> **Work request**: Beginning with the line of the entries below that holds "為了保障虎年首個工作日出行,公交集團立即" and ending with the line that holds "The wedding dress", transcribe each line exactly as written. Pictures stay out.

> **Dataset extract**:
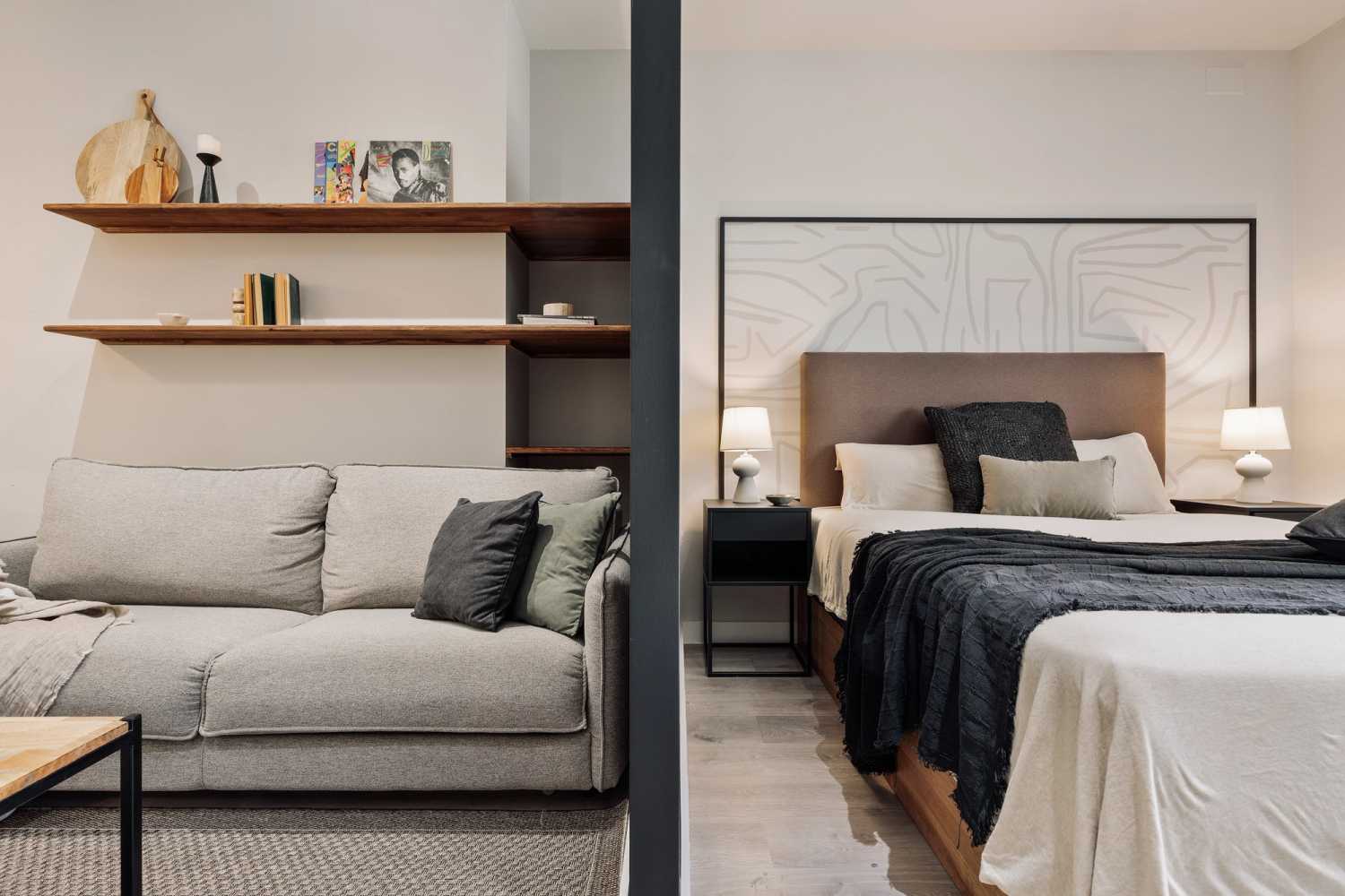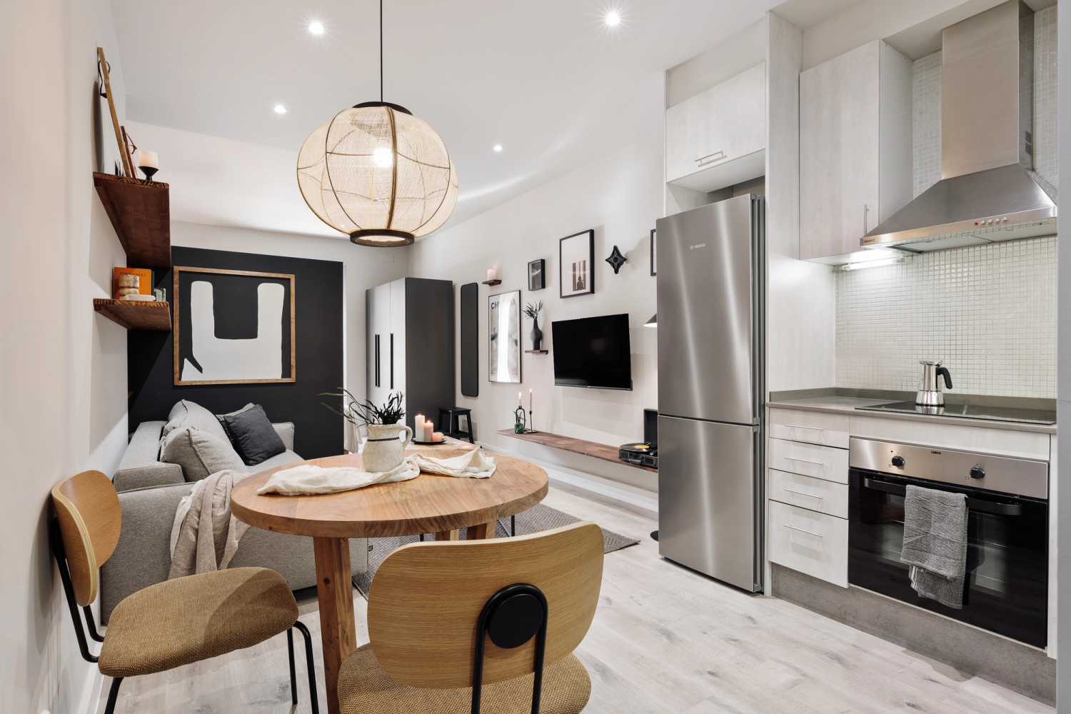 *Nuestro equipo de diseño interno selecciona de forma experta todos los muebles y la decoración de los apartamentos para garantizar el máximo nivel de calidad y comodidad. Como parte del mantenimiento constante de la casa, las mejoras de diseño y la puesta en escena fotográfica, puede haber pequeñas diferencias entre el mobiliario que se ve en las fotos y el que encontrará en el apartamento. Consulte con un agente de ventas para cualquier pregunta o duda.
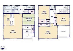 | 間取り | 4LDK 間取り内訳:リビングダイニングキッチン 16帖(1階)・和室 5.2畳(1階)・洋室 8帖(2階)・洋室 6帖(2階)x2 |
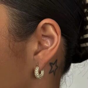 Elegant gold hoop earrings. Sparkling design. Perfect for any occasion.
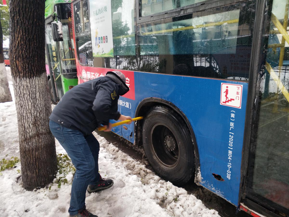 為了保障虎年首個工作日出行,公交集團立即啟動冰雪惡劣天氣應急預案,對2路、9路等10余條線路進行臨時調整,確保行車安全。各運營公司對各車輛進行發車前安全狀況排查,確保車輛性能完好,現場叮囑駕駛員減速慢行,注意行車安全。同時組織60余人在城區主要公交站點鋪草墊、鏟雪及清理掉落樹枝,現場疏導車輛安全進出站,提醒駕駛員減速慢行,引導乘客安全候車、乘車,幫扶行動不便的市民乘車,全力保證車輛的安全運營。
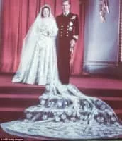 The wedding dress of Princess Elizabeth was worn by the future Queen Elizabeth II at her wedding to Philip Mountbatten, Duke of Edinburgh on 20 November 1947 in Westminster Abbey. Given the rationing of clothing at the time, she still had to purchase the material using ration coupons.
...
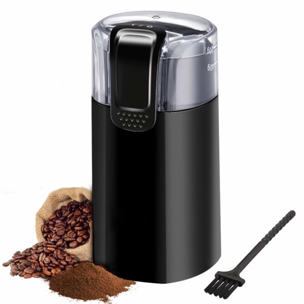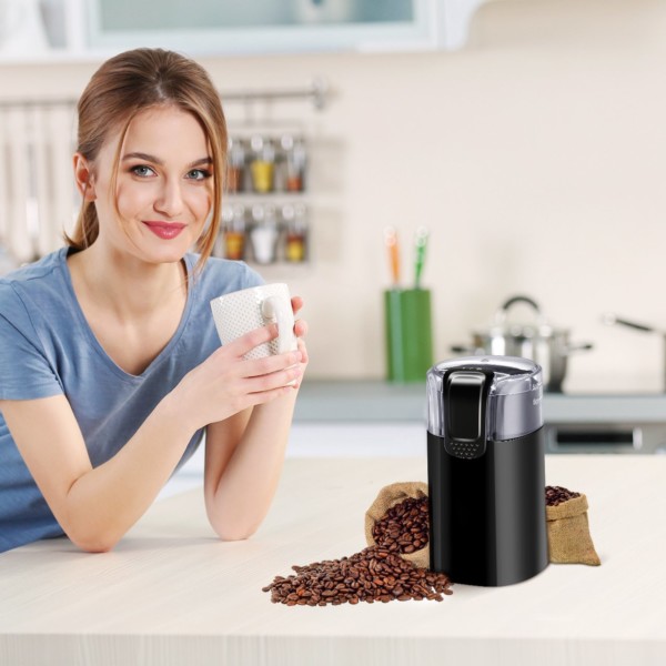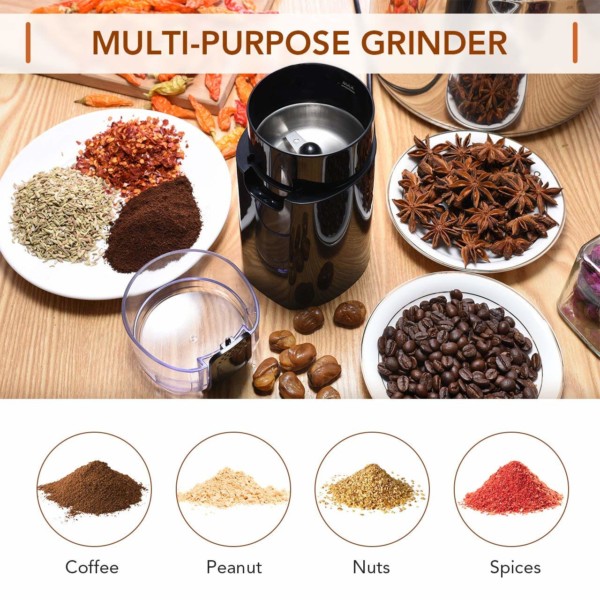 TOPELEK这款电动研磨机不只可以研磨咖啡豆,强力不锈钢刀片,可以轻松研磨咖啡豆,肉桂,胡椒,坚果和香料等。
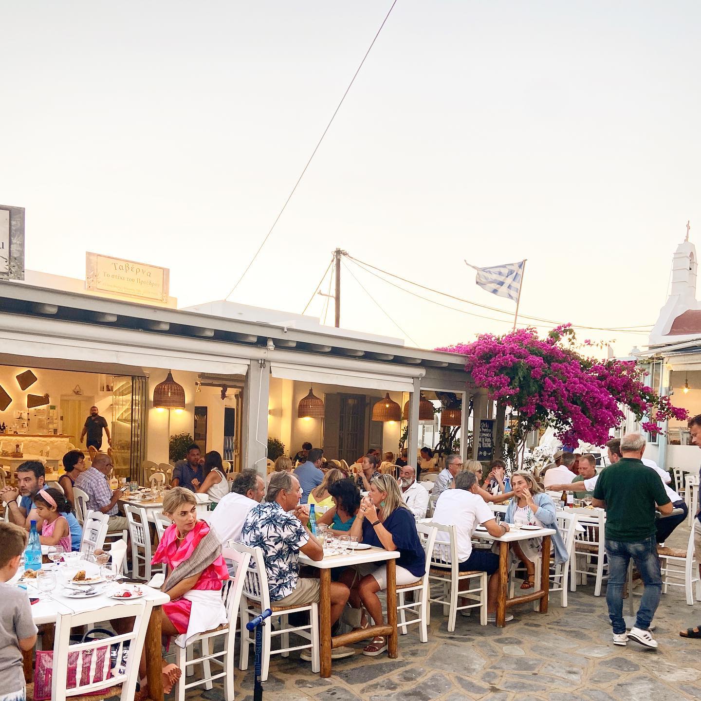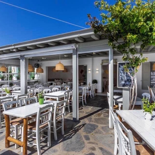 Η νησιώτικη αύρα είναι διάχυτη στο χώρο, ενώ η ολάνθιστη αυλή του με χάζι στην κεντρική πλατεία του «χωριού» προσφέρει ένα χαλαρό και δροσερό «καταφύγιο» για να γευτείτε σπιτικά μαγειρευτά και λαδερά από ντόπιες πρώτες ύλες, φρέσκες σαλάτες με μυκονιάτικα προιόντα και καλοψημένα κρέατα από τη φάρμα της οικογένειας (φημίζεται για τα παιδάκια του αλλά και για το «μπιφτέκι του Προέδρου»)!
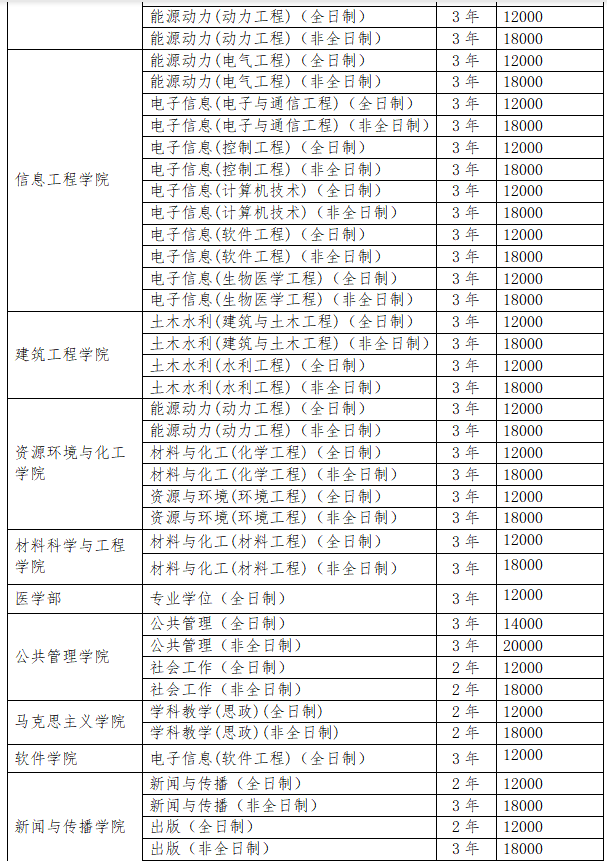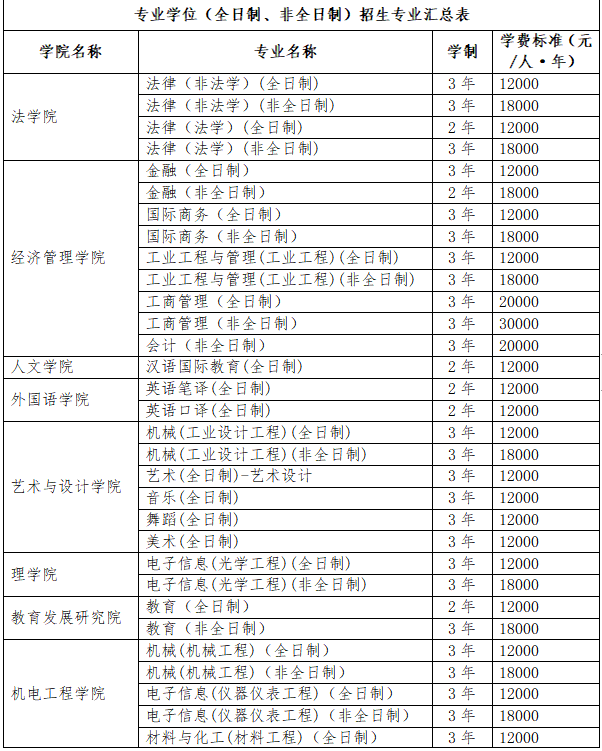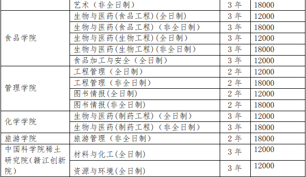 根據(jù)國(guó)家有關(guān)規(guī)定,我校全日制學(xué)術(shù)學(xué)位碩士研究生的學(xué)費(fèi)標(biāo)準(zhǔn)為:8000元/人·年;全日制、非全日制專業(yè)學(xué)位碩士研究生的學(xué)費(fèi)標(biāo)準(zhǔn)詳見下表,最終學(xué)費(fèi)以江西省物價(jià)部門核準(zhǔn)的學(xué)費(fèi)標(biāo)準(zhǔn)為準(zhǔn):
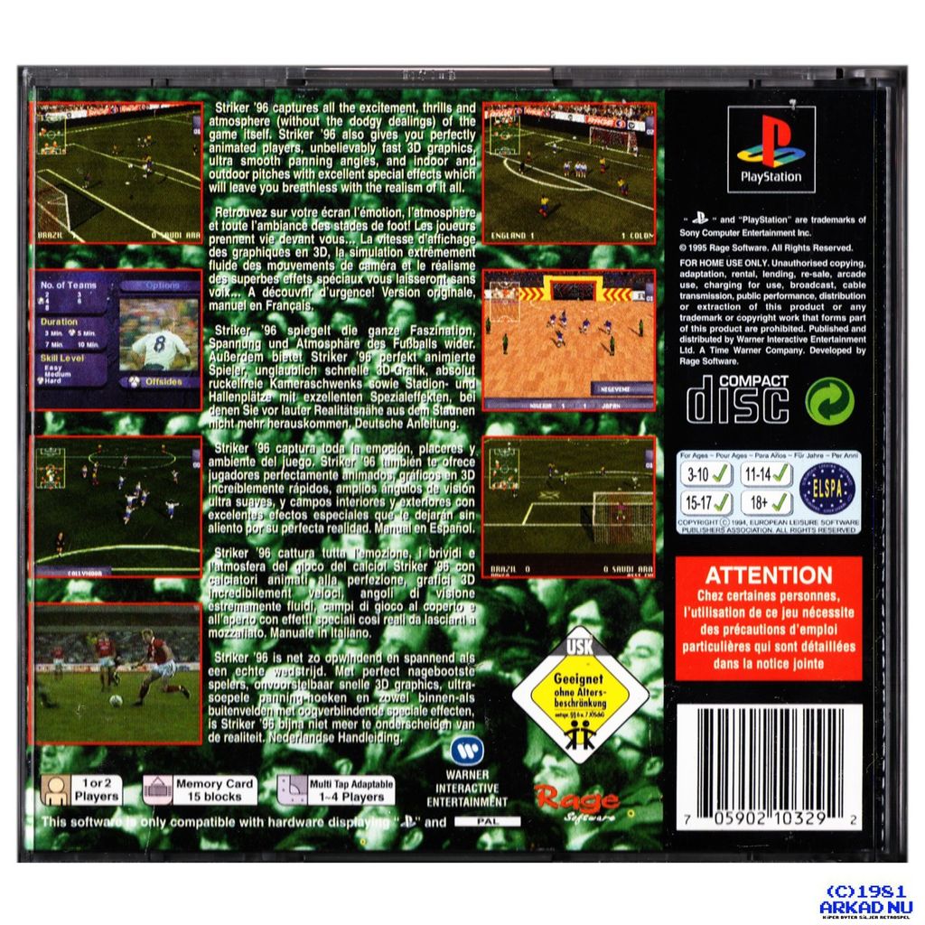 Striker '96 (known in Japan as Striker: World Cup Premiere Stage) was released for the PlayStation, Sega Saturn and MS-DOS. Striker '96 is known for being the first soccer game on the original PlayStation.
* * *
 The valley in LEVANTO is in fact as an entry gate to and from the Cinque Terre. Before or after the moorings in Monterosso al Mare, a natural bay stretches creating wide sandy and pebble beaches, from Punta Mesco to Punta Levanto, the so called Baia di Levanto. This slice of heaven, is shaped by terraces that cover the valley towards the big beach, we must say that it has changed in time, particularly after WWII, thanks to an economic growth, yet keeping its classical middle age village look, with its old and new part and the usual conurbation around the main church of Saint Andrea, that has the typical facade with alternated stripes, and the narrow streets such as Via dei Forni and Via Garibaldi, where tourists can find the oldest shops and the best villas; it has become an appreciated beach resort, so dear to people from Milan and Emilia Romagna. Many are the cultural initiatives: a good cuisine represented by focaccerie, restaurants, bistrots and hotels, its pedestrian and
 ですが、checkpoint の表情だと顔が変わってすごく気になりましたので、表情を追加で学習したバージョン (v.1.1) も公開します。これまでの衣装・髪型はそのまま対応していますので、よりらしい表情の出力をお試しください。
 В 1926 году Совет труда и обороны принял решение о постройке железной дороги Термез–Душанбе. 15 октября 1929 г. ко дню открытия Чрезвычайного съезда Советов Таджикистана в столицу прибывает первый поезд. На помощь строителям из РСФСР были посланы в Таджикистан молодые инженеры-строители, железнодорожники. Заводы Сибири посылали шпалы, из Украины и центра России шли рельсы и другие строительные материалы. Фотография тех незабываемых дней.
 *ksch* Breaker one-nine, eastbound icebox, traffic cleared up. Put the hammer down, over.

> **Task answer**:
 為了保障虎年首個工作日出行,公交集團立即啟動冰雪惡劣天氣應急預案,對2路、9路等10余條線路進行臨時調整,確保行車安全。各運營公司對各車輛進行發車前安全狀況排查,確保車輛性能完好,現場叮囑駕駛員減速慢行,注意行車安全。同時組織60余人在城區主要公交站點鋪草墊、鏟雪及清理掉落樹枝,現場疏導車輛安全進出站,提醒駕駛員減速慢行,引導乘客安全候車、乘車,幫扶行動不便的市民乘車,全力保證車輛的安全運營。
 The wedding dress of Princess Elizabeth was worn by the future Queen Elizabeth II at her wedding to Philip Mountbatten, Duke of Edinburgh on 20 November 1947 in Westminster Abbey. Given the rationing of clothing at the time, she still had to purchase the material using ration coupons.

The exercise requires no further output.